Keith Humphrey, an administrator at the University of Arizona in Tucson, said he was excited to learn that his partner, Robert, could be added to his employer-sponsored health plan. Then a year later, the state tried to take it away.

"I felt very disappointed when the state said my employment is worth less than someone who is married," Humphrey told Fox News. The couple has three kids and until the change in law, Robert, who stays at home with the children, was on the state's Medicaid roll.  The pair still receives health benefits under Humphrey's plan because the courts have put a hold on the benefit revocation.

Those defending the legislature's action say there was no intent to discriminate against Humphrey, his partner or anyone else. It was simply a budgetary decision with no hidden ulterior motive. Further, they note the law's provision removing benefits for domestic partners is very broad.

"In 2008 they expanded (dependent health coverage) to include any other person who had a domestic financial relationship with someone they'd been living with for 12 months," Eastman observed. "That could be same-sex couples.

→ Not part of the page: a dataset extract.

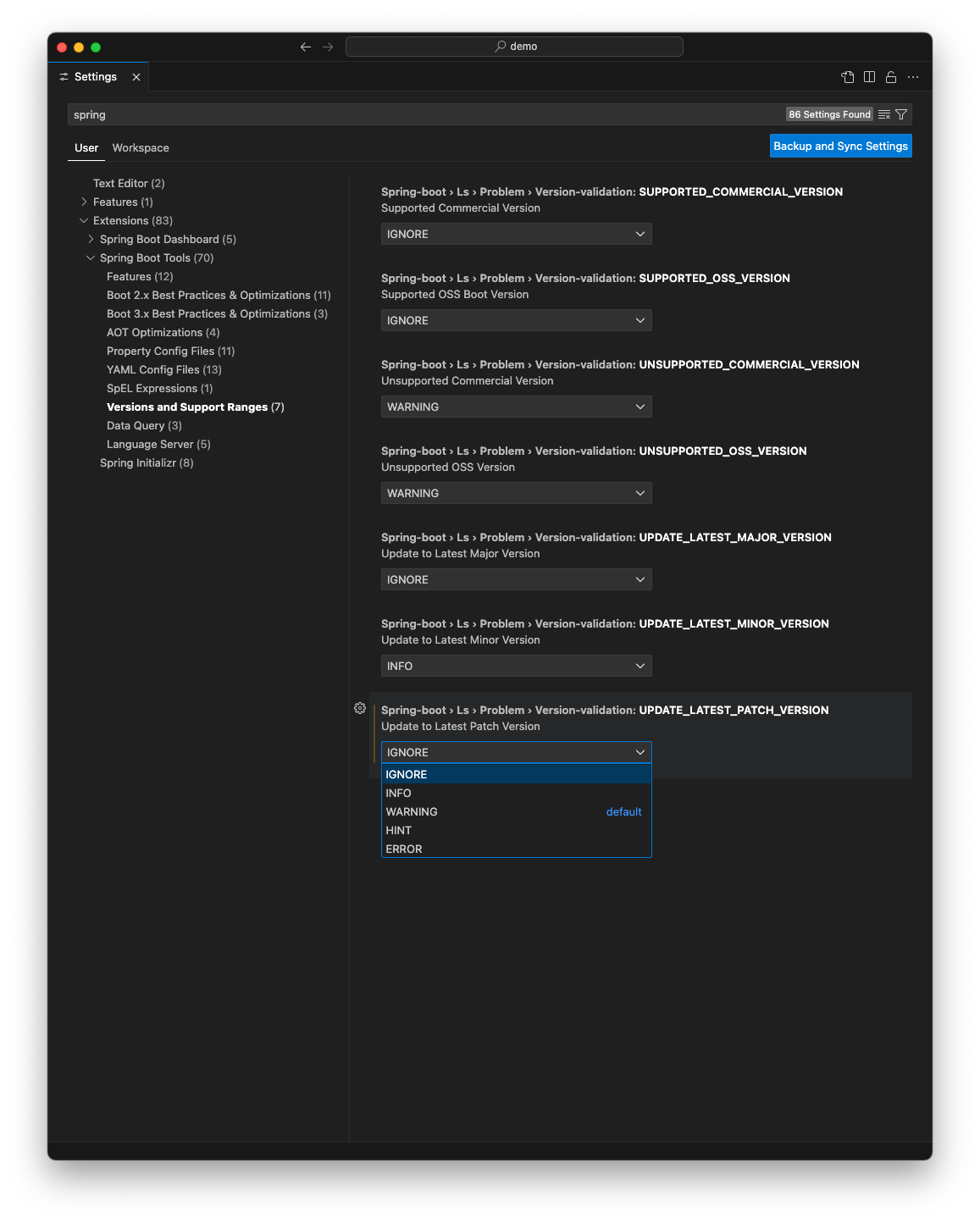 VSCode > Preferences > Settings > 'spring-boot' 검색 > 좌측 네비게이터에서 'extentions' - 'spring boot tools' - 'versions and support ranges' 항목 선택 > 스크롤 내리면서 UPDATE_LATEST_PATCH_VERSION 항목 찾기 > 해당 옵션 WARNING에서 IGNORE로 변경

It could be opposite-sex couples who are unmarried. It could even be roommates who had shared a checking account and rent expenses for 12 months."

An outside expert provided testimony that only a fraction -- as little as 7 percent -- of the domestic partners actually receiving state benefits were of the same sex and cost Arizona no more than one-quarter of 1 percent of the state's health care costs.

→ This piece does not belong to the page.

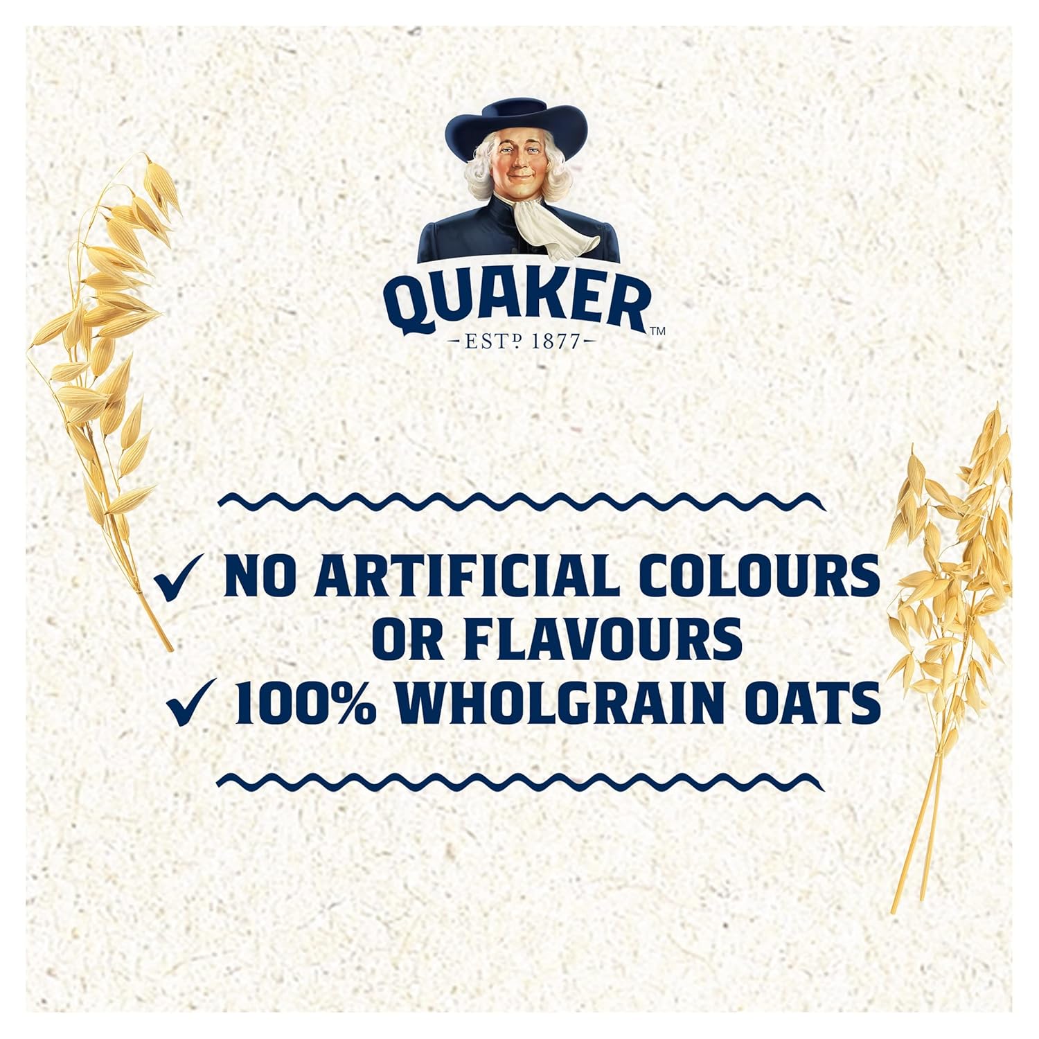 Our cereals contain the delicious goodness of wholegrain oats which are a great source of fibre. 100 Percent quaker rolled microwaveable oats, containing no artificial colours, flavours or preservatives.

But the legal issue for Borelli and her clients isn't about a budgetary squeeze or statistics. "The fact that the state of Arizona may have wanted to save some negligible amount of money by cutting out this very small percent of the population, doesn't excuse the discrimination," she said. She points out that opposite-sex partners can still obtain health benefits from the state if they get married -- an option that's foreclosed for gay workers.  

"It's as if the state were saying to same-sex couples, 'you can have access to this health insurance as long as you do this thing that is legally impossible for you to do.' Well that's not equal treatment, and everybody can see that," she said.

A major legal question is whether Arizona lawmakers had a rational basis to remove the benefit. O'Scannlain's assessment of what his colleagues decided makes clear his view of the case. "The panel concluded --  in a way that is veiled but unmistakable -- that rules benefiting only traditional marriage serve no conceivable rational purpose." He said that determination prevents Arizona voters -- and those in other states -- from passing laws that protect traditional marriage.

Eastland says the legislature's action was perfectly reasonable given the budgetary fix it was in and that courts are supposed to defer to elected lawmakers to make difficult decisions -- like what programs or benefits to cut when money is tight. "The 9th Circuit has now effectively gone on record as saying it's irrational for the state to provide benefits to traditional married couples that it doesn't extend to everybody else. And that the only explanation for it is bigotry toward homosexuality."

The Supreme Court is unlikely to decide whether to take the case until the fall. This case is different from another 9th Circuit ruling that invalidated the controversial Prop 8 referendum in California banning same-sex marriage. A third high-profile case over the federal Defense of Marriage Act is also expected to reach the Supreme Court. The justices could agree to hear and decide all, some or none of these cases.